SVU: A Beginner's Guide to Vector Processing

A Beginner's Guide to Vector Processing

By Tan Chee Chiang

Introduction

A vectorised code can run a degree of magnitude faster than a non-vectorised one on a Parallel Vector Processor (PVP) system such as the Cray J916 Supercomputer. Most users expect the compiler to do automatic vectorisation for them regardless of how their codes were written. Unfortunately, that does not happen all the time. In many cases, manual work is needed on the part of the coder to achieve maximum performance. Before embarking on vectorising your code, it is necessary to understand what is vector processing.

Vector Processing

Suspend your long-held notions of vectors acquired from your school day linear algebra lesson! A vector here is defined as an ordered list of scalar values. A simple vector in a computer's memory is defined as having a starting address, a length (number of elements), and a stride (constant distance in memory between elements). For example, an array stored in memory is a vector. Vector systems have machine instructions (vector instructions) that fetch a vector of values from memory, operate on them and store them back to memory. Basically, vector processing is a version of the Single Instruction Multiple Data (SIMD) parallel processing technique. On the other hand, scalar processing requires one instruction to act on each data value. Here are the comparisons:

      DO 100 I = 1, N
             A(I) = B(I) + C(I)
  100 CONTINUE

If the above code is vectorised on the Cray J90, the following processes will take place,

A vector of values in B(I) will be fetched from memory.
A vector of values in C(I) will be fetched from memory.
A vector add instruction will operate on pairs of B(I) and C(I) values.
After a short start-up time, stream of A(I) values will be stored back to memory, one value every clock cycle.

And, if the code is not vectorised on the Cray J90, the following scalar processes will take place,

B(1) will be fetched from memory.
C(1) will be fetched from memory.
A scalar add instruction will operate on B(1) and C(1).
A(1) will be stored back to memory
Step (1) to (4) will be repeated N times.

Vector processing allows a vector of values to be fed continuously to the vector processor. If the value of N is large enough to make the start-up time negligible in comparison, on the average the vector processor is capable of producing close to one result per clock cycle. If the same code is not vectorised on the Cray J90, for every I iteration, e.g. I=1, a clock cycle each is needed to fetch B(1) and C(1), about 4 clock cycles are needed to complete a floating-point add operation, and another clock cycle is needed to store the value A(1). Thus a minimum of 6 clock cycles are needed to produce one result. We can say that there is a speed up of about 6 times for this example if the code is vectorised.

Here is an example where a speedup of more than 10 times can be achieved through vector processing,

      DO 200 I = 1, N
             A(I) = B(I) * C(I) + D(I)
  200 CONTINUE

If the above code is not vectorised, more than 10 clock cycles will be needed to produce a single result on the Cray J90. However, a vectorised version will still generate approximately one result per clock cycle.

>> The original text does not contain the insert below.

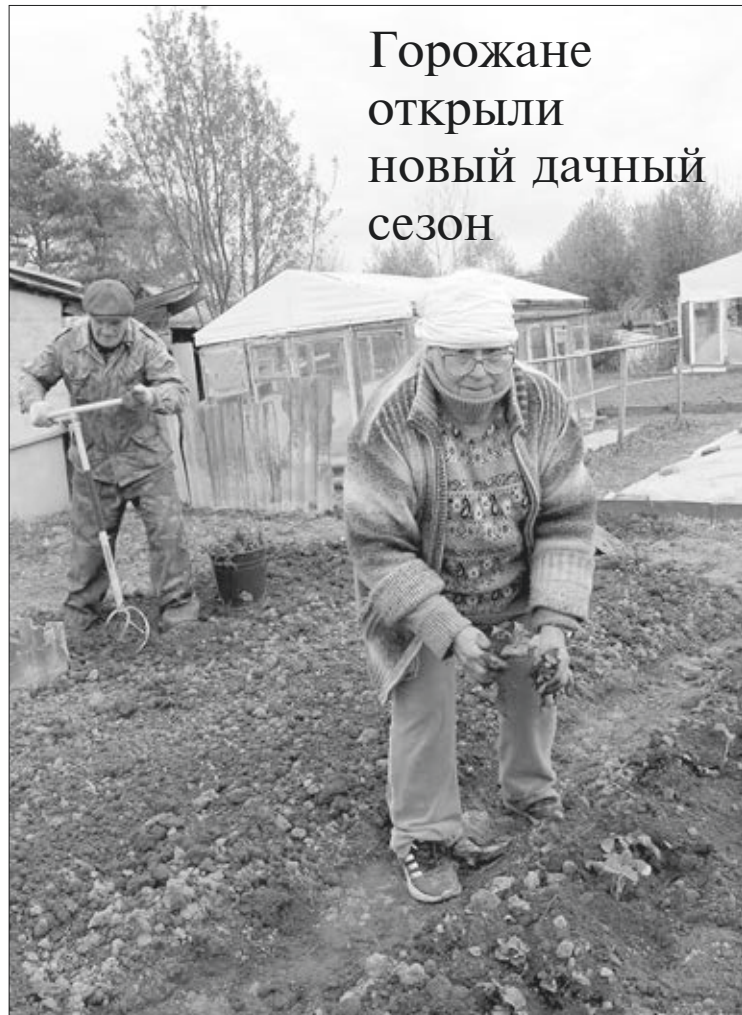
Горожане открыли новый дачный сезон

Автобусы до всех СОТов пустили с 24 апреля — сначала по укороченному расписанию, но уже с 13 мая они перешли на летний график. Впрочем, большинство садоводов-огородников не ждали этого: личный автомобиль сейчас едва ли не в каждой семье.

The chaining feature available in the vector processor enables the results generated by the multiplier to be fed continuously to the adder, and allows the multiplier and adder to operate concurrently. Vector operations like add and multiply are done in a vector pipeline in the processor. The examples given above contain codes which are inherently vectorisable. But in reality, not all codes are vectorisable, at least not all are readily vectorisable.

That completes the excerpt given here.